Prompt
A faithful copy of all the data is required; pictures should not be included.

Recorded information
*****

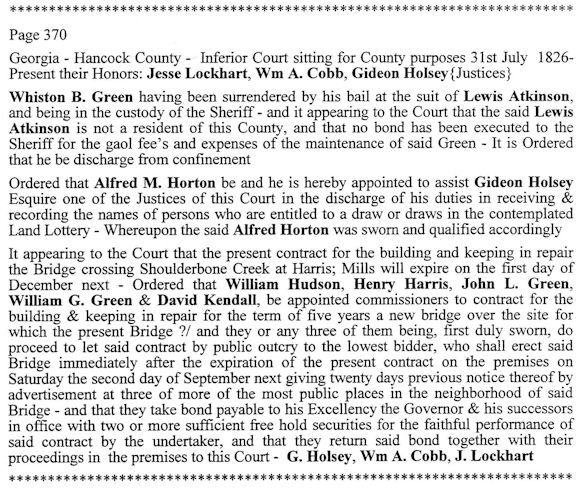 Georgia Clarks Office of Hancock Court of Ordinary 19th September 1821
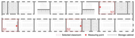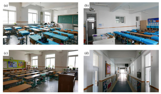 Three 5th grade classrooms on the fourth floor of the teaching building were selected as the research object for data collection; classroom S1(S1) and classroom S2(S2) face south, and classroom N1(N1) faces north (Figure 3). These are representatives of classrooms with different orientations and locations (middle and side), and they house pupils in the same grade for consistency of comparison. Classrooms are typically crowded spaces, especially in China. When school is in session, between 32 and 38 pupils (aged 9 to 12) are present in each classroom. The per capita area of each classroom is 1.43–1.65 m2, which meets the standard 1.36 m2/p according to the code for design of school (GB50099-2011) [5], but this is much less than the per capita area of an average classroom in the United States [29] and in European countries [43]. The characteristics of the classrooms studied are presented in Figure 4 and Table 1.
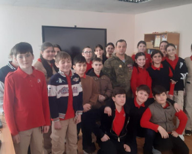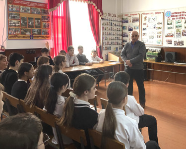 Ветеран "БОЕВОГО БРАТСТВА" Моздока провел урок мужества для юнармейцев школы №5

*****

Written answer
 Georgia Clarks Office of Hancock Court of Ordinary 19th September 1821
 Three 5th grade classrooms on the fourth floor of the teaching building were selected as the research object for data collection; classroom S1(S1) and classroom S2(S2) face south, and classroom N1(N1) faces north (Figure 3). These are representatives of classrooms with different orientations and locations (middle and side), and they house pupils in the same grade for consistency of comparison. Classrooms are typically crowded spaces, especially in China. When school is in session, between 32 and 38 pupils (aged 9 to 12) are present in each classroom. The per capita area of each classroom is 1.43–1.65 m2, which meets the standard 1.36 m2/p according to the code for design of school (GB50099-2011) [5], but this is much less than the per capita area of an average classroom in the United States [29] and in European countries [43]. The characteristics of the classrooms studied are presented in Figure 4 and Table 1.
 Ветеран "БОЕВОГО БРАТСТВА" Моздока провел урок мужества для юнармейцев школы №5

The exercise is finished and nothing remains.